● **TASK OBJECTIVE**: Exactly and only the lines below from the one containing "وكان الشهداء من" down to the one containing "Stainless steel Gas" are wanted, both included; please exclude every picture.

● **DATA PROVIDED**:
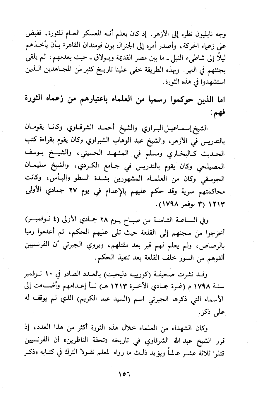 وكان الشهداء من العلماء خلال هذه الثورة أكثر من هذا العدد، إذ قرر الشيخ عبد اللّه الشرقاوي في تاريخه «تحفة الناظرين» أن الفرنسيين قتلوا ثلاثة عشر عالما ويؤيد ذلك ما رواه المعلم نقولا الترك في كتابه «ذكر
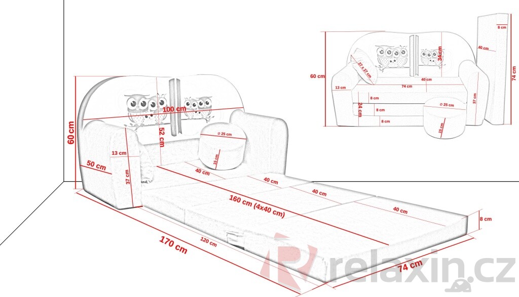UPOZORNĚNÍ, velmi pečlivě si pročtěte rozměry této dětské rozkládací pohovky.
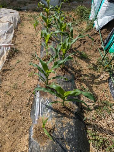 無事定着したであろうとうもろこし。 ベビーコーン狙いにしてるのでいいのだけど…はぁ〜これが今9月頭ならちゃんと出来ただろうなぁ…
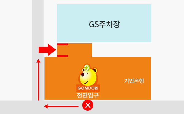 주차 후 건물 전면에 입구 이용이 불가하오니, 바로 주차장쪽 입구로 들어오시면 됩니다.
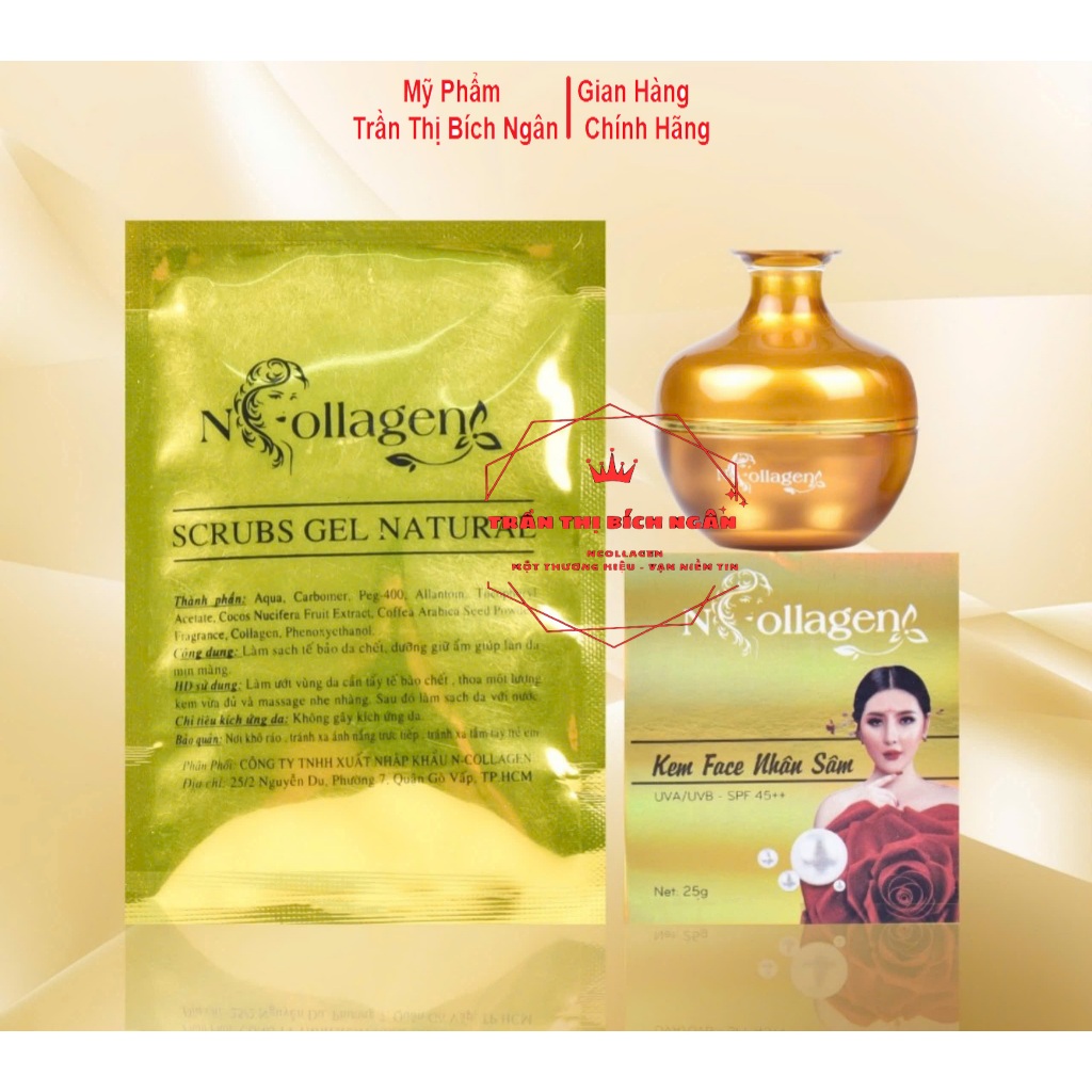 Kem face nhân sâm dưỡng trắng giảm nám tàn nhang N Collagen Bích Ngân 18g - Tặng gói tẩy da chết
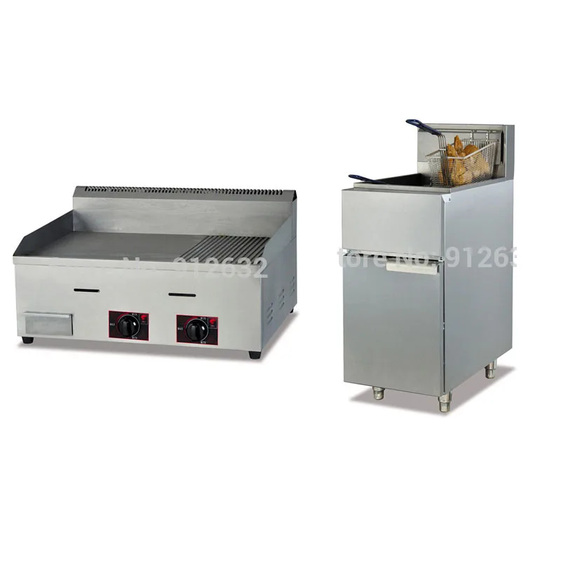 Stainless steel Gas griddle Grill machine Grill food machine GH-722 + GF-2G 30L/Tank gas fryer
* * *
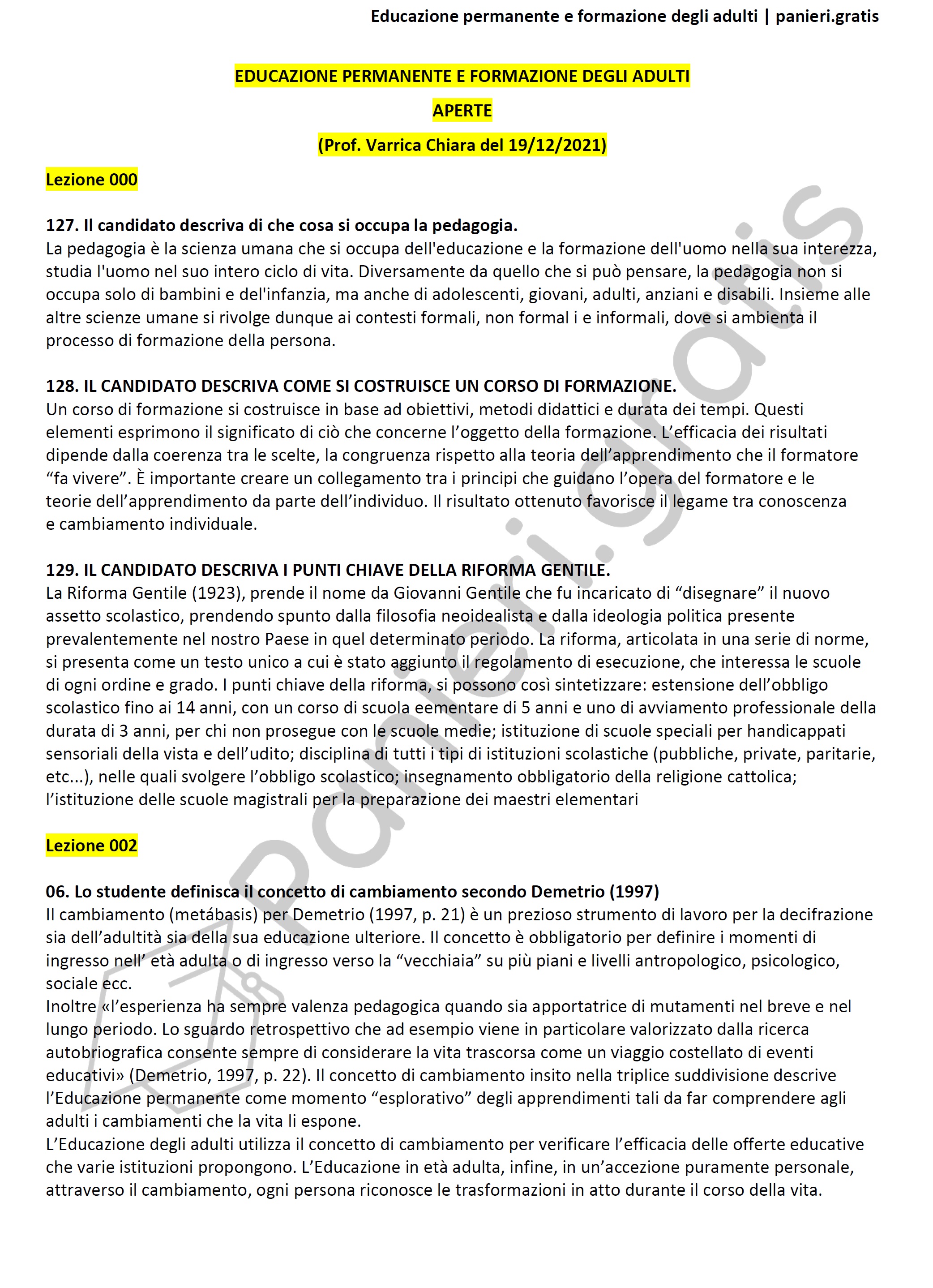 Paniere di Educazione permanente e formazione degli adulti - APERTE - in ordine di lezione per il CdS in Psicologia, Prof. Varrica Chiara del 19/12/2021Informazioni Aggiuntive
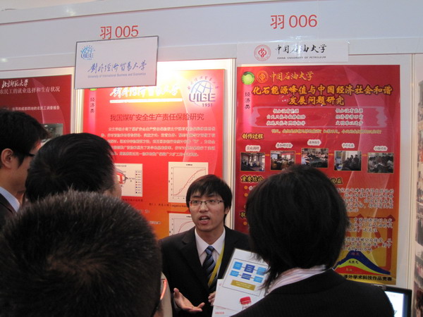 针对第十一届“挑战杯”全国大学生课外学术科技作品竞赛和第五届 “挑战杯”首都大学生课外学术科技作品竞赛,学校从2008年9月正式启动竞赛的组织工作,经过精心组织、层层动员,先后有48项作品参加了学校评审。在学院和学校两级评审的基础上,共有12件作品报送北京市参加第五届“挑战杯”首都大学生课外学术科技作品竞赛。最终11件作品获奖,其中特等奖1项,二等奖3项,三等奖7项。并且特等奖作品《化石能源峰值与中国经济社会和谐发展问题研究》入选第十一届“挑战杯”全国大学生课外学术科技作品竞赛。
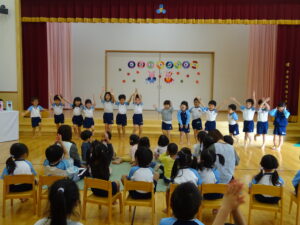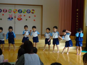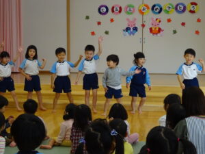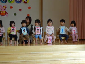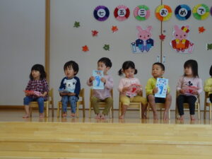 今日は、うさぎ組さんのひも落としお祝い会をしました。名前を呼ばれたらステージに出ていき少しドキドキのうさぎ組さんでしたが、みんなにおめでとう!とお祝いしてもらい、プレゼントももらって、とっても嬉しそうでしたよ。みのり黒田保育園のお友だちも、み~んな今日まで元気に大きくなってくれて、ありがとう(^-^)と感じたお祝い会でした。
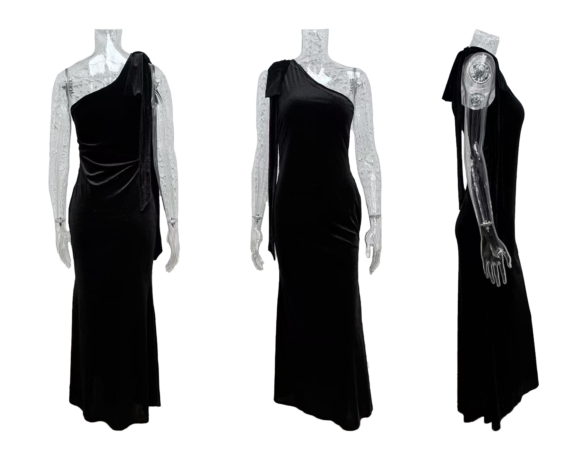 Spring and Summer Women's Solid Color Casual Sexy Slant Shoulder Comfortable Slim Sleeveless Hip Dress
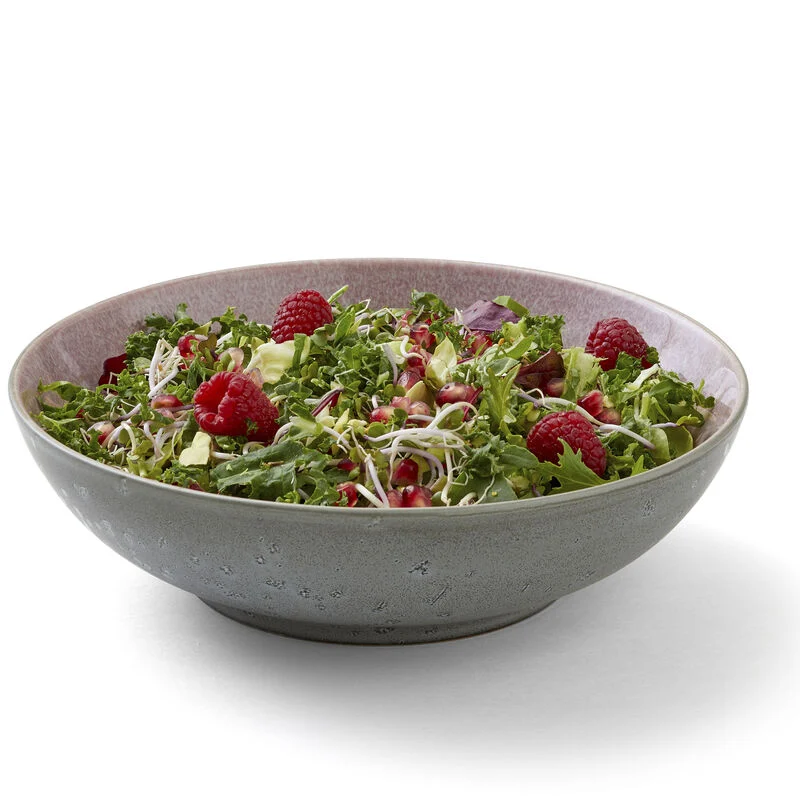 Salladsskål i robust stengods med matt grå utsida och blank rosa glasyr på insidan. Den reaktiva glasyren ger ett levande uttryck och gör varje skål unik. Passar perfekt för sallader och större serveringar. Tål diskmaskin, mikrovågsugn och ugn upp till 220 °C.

● **REPLY TO THE EXERCISE**:
 وكان الشهداء من العلماء خلال هذه الثورة أكثر من هذا العدد، إذ قرر الشيخ عبد اللّه الشرقاوي في تاريخه «تحفة الناظرين» أن الفرنسيين قتلوا ثلاثة عشر عالما ويؤيد ذلك ما رواه المعلم نقولا الترك في كتابه «ذكر
UPOZORNĚNÍ, velmi pečlivě si pročtěte rozměry této dětské rozkládací pohovky.
 無事定着したであろうとうもろこし。 ベビーコーン狙いにしてるのでいいのだけど…はぁ〜これが今9月頭ならちゃんと出来ただろうなぁ…
 주차 후 건물 전면에 입구 이용이 불가하오니, 바로 주차장쪽 입구로 들어오시면 됩니다.
 Kem face nhân sâm dưỡng trắng giảm nám tàn nhang N Collagen Bích Ngân 18g - Tặng gói tẩy da chết
 Stainless steel Gas griddle Grill machine Grill food machine GH-722 + GF-2G 30L/Tank gas fryer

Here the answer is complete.